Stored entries
######

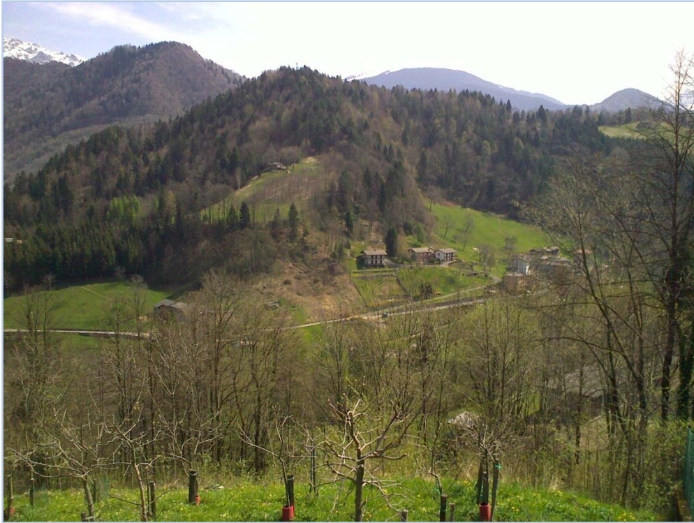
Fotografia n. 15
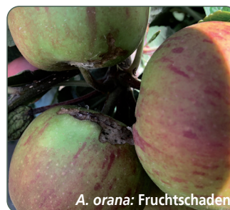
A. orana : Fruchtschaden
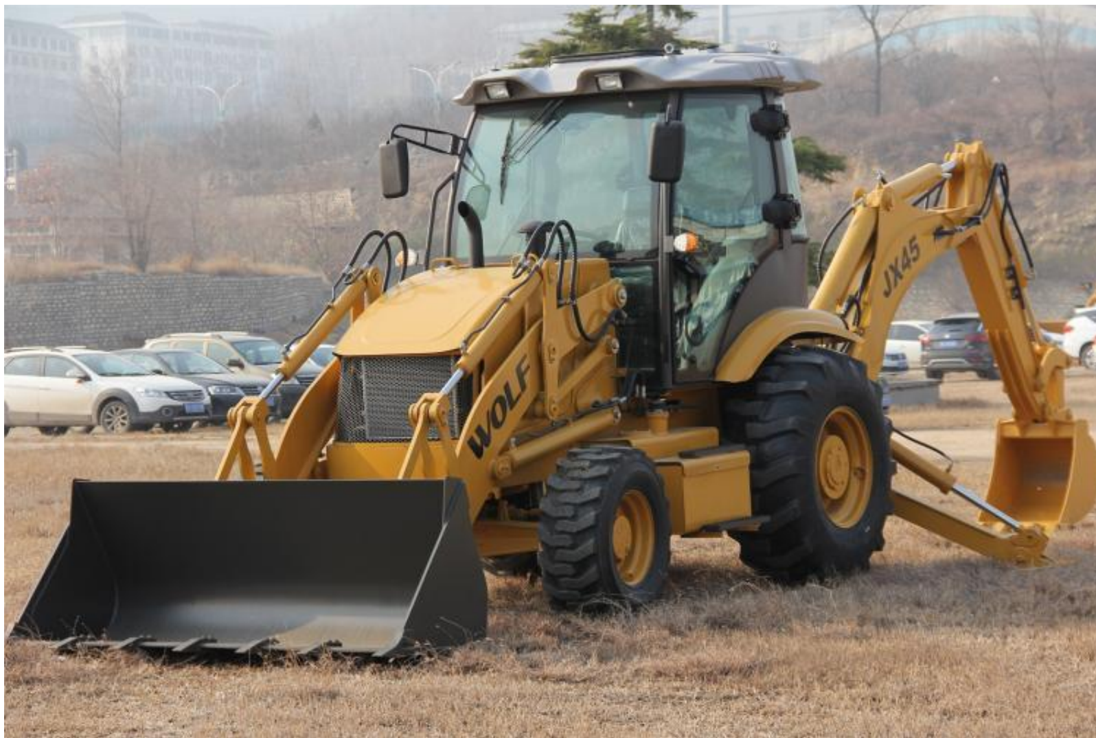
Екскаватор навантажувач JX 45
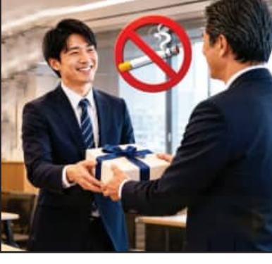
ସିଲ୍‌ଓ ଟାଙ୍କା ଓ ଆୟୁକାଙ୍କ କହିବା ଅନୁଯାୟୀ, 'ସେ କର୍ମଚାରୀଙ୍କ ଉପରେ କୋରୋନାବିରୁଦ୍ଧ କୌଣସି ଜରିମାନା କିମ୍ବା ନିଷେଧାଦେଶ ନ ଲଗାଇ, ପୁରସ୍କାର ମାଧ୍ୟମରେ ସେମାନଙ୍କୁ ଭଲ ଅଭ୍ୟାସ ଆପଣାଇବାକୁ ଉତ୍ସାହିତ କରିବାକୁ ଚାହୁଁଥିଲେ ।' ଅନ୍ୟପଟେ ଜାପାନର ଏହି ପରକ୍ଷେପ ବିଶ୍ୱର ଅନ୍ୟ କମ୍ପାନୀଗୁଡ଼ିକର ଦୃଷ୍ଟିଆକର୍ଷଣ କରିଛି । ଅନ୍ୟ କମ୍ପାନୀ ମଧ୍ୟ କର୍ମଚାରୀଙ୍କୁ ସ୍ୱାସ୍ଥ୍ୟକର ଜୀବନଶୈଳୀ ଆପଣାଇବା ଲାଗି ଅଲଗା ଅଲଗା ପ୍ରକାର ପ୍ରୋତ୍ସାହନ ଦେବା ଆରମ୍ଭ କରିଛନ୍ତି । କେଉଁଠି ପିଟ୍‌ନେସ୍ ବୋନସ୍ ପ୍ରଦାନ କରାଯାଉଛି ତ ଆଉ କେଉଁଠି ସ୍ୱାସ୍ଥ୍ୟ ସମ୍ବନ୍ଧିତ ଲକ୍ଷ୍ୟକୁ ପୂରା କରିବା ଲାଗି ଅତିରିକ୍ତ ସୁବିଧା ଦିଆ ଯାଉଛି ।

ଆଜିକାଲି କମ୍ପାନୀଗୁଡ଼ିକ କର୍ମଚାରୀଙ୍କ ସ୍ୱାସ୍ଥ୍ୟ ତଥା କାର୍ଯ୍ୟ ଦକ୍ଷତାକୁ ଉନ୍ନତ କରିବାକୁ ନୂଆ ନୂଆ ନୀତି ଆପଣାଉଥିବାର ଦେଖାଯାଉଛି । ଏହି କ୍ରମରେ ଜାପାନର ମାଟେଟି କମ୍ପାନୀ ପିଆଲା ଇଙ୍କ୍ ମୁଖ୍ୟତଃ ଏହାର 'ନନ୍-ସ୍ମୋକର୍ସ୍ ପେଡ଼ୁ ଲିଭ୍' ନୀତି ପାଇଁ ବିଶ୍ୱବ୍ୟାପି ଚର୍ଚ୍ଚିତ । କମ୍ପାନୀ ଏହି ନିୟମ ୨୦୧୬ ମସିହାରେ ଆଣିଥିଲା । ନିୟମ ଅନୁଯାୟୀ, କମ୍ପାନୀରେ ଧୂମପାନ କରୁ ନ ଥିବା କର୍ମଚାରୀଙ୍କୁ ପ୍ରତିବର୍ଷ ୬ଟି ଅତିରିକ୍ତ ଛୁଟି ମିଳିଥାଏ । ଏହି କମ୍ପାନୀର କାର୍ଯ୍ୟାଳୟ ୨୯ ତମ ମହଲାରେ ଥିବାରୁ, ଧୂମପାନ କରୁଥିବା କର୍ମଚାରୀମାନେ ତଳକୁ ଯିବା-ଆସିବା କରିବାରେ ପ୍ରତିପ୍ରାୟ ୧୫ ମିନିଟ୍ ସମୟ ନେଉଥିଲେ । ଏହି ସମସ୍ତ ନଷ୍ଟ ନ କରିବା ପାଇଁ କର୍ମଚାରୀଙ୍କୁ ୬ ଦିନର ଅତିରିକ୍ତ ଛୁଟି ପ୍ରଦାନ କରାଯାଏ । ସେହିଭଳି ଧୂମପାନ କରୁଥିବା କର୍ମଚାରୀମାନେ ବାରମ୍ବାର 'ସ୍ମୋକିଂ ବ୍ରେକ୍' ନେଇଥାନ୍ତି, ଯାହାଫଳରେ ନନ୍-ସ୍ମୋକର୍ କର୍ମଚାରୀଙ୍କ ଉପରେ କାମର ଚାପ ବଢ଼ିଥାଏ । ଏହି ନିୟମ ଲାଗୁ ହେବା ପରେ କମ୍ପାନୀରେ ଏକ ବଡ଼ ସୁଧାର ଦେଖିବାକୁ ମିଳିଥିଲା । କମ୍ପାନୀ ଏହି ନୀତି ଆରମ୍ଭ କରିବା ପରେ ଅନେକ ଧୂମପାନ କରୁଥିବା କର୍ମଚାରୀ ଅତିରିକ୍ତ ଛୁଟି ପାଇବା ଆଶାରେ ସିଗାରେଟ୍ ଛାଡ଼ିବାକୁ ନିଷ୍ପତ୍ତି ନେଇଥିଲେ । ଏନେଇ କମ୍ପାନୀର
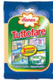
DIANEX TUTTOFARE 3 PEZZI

######

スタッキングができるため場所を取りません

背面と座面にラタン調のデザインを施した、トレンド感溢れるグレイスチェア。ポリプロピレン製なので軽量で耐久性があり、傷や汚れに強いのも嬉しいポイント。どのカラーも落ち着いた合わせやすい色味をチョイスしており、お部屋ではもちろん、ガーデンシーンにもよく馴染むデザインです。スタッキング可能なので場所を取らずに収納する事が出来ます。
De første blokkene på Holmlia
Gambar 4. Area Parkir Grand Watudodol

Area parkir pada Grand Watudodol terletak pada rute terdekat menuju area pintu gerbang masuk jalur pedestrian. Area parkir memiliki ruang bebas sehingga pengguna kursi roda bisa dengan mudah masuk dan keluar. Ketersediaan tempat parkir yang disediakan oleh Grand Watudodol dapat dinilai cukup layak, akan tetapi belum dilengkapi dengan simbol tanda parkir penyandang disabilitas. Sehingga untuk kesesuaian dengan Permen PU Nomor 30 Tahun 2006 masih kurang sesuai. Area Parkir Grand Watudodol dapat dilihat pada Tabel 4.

######

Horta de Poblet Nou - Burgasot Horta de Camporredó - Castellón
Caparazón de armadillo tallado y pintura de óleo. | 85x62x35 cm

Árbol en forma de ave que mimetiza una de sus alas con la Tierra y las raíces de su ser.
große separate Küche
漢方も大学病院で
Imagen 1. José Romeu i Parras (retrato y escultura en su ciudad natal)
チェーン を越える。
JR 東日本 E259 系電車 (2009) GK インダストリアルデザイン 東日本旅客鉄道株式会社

######

PROBLEM DESCRIPTION: Output only an exact transcription of the lines above from the one with "スタッキングができるため場所を取りません" up to and including the one with "Area parkir pada".

OUTPUT OF THE TASK:
スタッキングができるため場所を取りません

背面と座面にラタン調のデザインを施した、トレンド感溢れるグレイスチェア。ポリプロピレン製なので軽量で耐久性があり、傷や汚れに強いのも嬉しいポイント。どのカラーも落ち着いた合わせやすい色味をチョイスしており、お部屋ではもちろん、ガーデンシーンにもよく馴染むデザインです。スタッキング可能なので場所を取らずに収納する事が出来ます。
De første blokkene på Holmlia
Gambar 4. Area Parkir Grand Watudodol

Area parkir pada Grand Watudodol terletak pada rute terdekat menuju area pintu gerbang masuk jalur pedestrian. Area parkir memiliki ruang bebas sehingga pengguna kursi roda bisa dengan mudah masuk dan keluar. Ketersediaan tempat parkir yang disediakan oleh Grand Watudodol dapat dinilai cukup layak, akan tetapi belum dilengkapi dengan simbol tanda parkir penyandang disabilitas. Sehingga untuk kesesuaian dengan Permen PU Nomor 30 Tahun 2006 masih kurang sesuai. Area Parkir Grand Watudodol dapat dilihat pada Tabel 4.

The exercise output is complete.